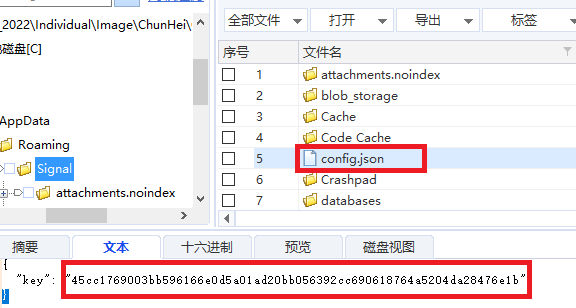 在配置文件“%AppData%\Roming\Signal\config.json”文件中可以找到数据库密码,如下图:
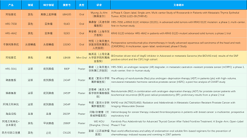 在胸腺上皮肿瘤、头颈鳞癌、肉瘤、前列腺癌、甲状腺癌等其他多个疾病领域,卡瑞利珠单抗、阿帕替尼、瑞维鲁胺、阿得贝利单抗、法米替尼、HRS-7058、HRS-4642、HRS-5041等抗肿瘤创新药相关研究一共入选了4项口头报告、1项简短口头报告、5项壁报,彰显了G22恒峰医药强大的研发实力。此外,海曲泊帕和昂丹司琼口溶膜分别在防治化疗导致的血小板减少和恶心呕吐方面各有1项研究入选壁报。
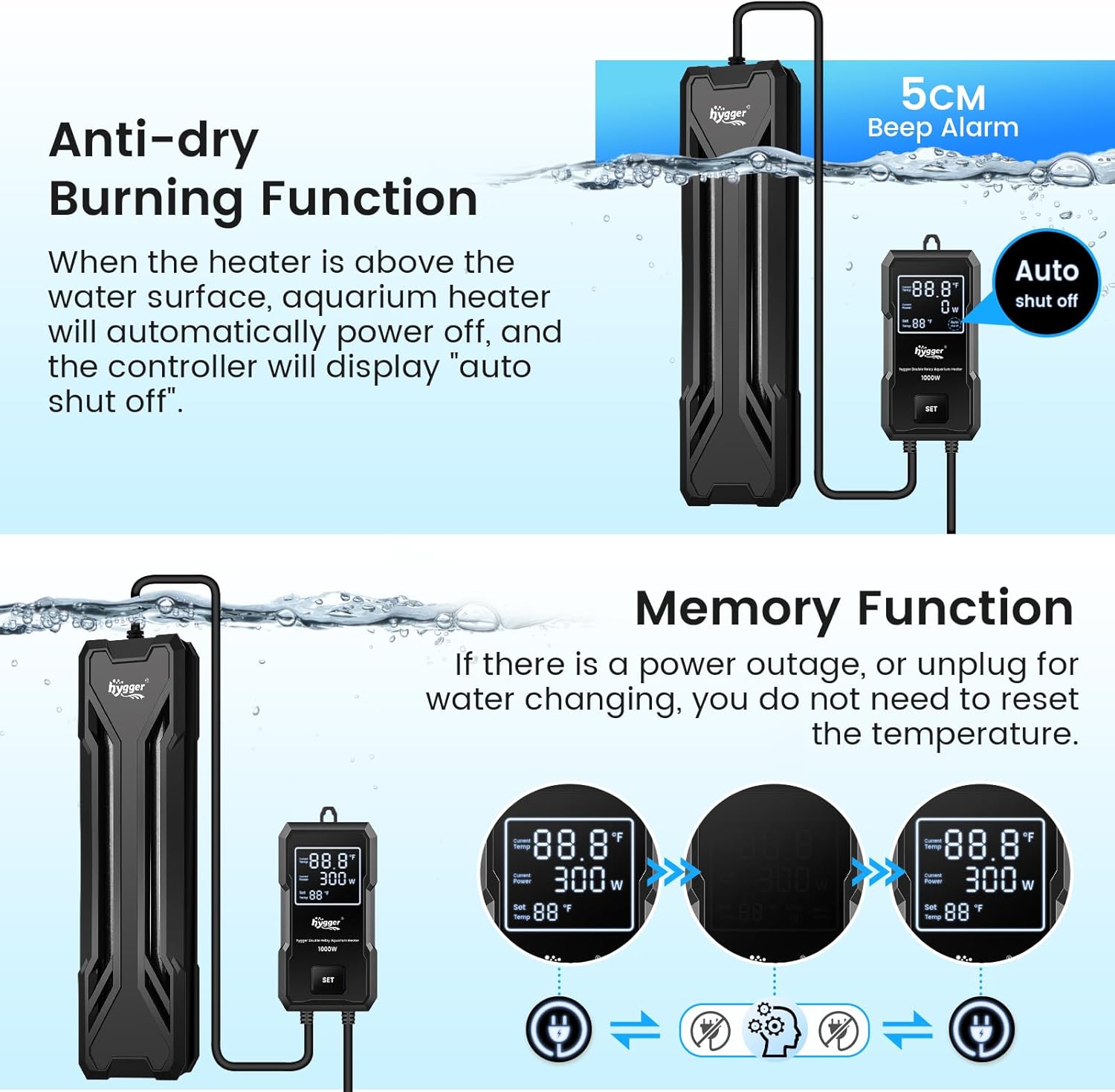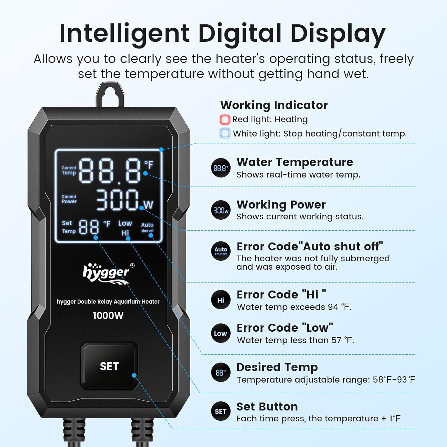 Upgraded Dual Temperature Control System Aquarium Heater: This aquarium heater is equipped with 2 intelligent protector. Even if one protector fails, the other will continue to operate to prevent damage to the product and its circuitry, avoiding overheating and "cooking the fish". This dual protection of the aquarium heater greatly ensures the safety of you and your aquatic organisms Beep Alarm, Comprehensive Protection: This heater has a unique intelligent water and temperature sensor system, providing comprehensive protection: ①Over-temperature alarm: When water temperature exceeds the max temperature 94℉, it shows "HH" and automatically stops heating. ②Off-water alarm: When the water level is lower than aquarium heater's water level, it flashes "Auto Shut Off" and automatically stops heating. ③ When the water temperature is below the min temperature 57℉, it shows "LL" External Controller with LED Digital Display: The tank heater with a LED temperature controller, It clearly shows the real-time water temperature, set temperature, operating power, error codes, and heating status. You can monitor the water temperature and set temperature in real time. Variable temperature settings range: 58-93℉. Each press will change 1℉. The external control reduces the risk that water gets in and burn out the heater, and allows you to adjust the heater without getting hand wet Premium Safety & Durability: This fish tank heater uses explosion-proof quartz glass, combined with a high-temperature resistant nickel-chromium heating wire and a quartz sand heat conduction, resulting in faster water heating and more even heat distribution. The strong black ABS protective shell is easier to hide, and effectively protecting both you and your aquatic pets from scalding 800W Aquarium Heater for 80 to 220 Gallons: The 800 watt aquarium heater produces stable power with quick heat up. It's length is 10.8'', power cord is 10.1ft. It is suitable for 80 to220 gallons tank, can be used for saltwater and freshwater aquariums, fish tanks, turtle tanks, small ponds, and so much more. Please select the appropriate heater according to our size chart. If there is any problem with our product, please contact us, we are happy to provide you with after-sales service. › See more product details
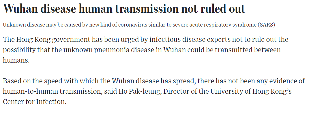 위의 기사는 홍콩 뉴스의 우한 폐렴 관련 기사이다. 중국 보건당국은 인간을 통한 전염가능성이 없다고 발표했다. 얼핏 나타난 전염경로만 보아도 인간을 통한 전이로 보이는데 ㅡㅡ;
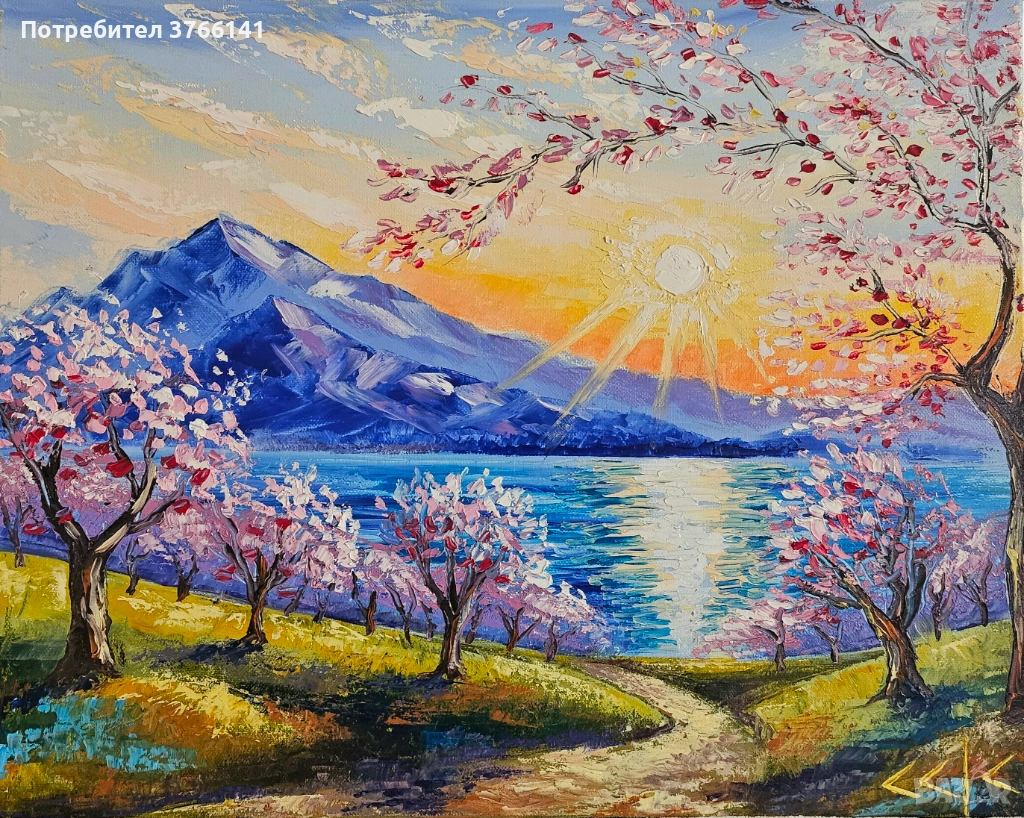 "Слънчева импресия" Картина 40х50 см, Маслена живопис с шпакла → Обява 53563137

━━━━━━━━━━━━━━━━━━━━

*WHAT NEEDS TO BE DONE*
Quote, exactly and only, the lines from the first line of the data above through the line containing "在胸腺上皮肿瘤、头颈鳞癌、肉". The pictures do not belong in it.

*ANSWER SPACE*
 在配置文件“%AppData%\Roming\Signal\config.json”文件中可以找到数据库密码,如下图:
 在胸腺上皮肿瘤、头颈鳞癌、肉瘤、前列腺癌、甲状腺癌等其他多个疾病领域,卡瑞利珠单抗、阿帕替尼、瑞维鲁胺、阿得贝利单抗、法米替尼、HRS-7058、HRS-4642、HRS-5041等抗肿瘤创新药相关研究一共入选了4项口头报告、1项简短口头报告、5项壁报,彰显了G22恒峰医药强大的研发实力。此外,海曲泊帕和昂丹司琼口溶膜分别在防治化疗导致的血小板减少和恶心呕吐方面各有1项研究入选壁报。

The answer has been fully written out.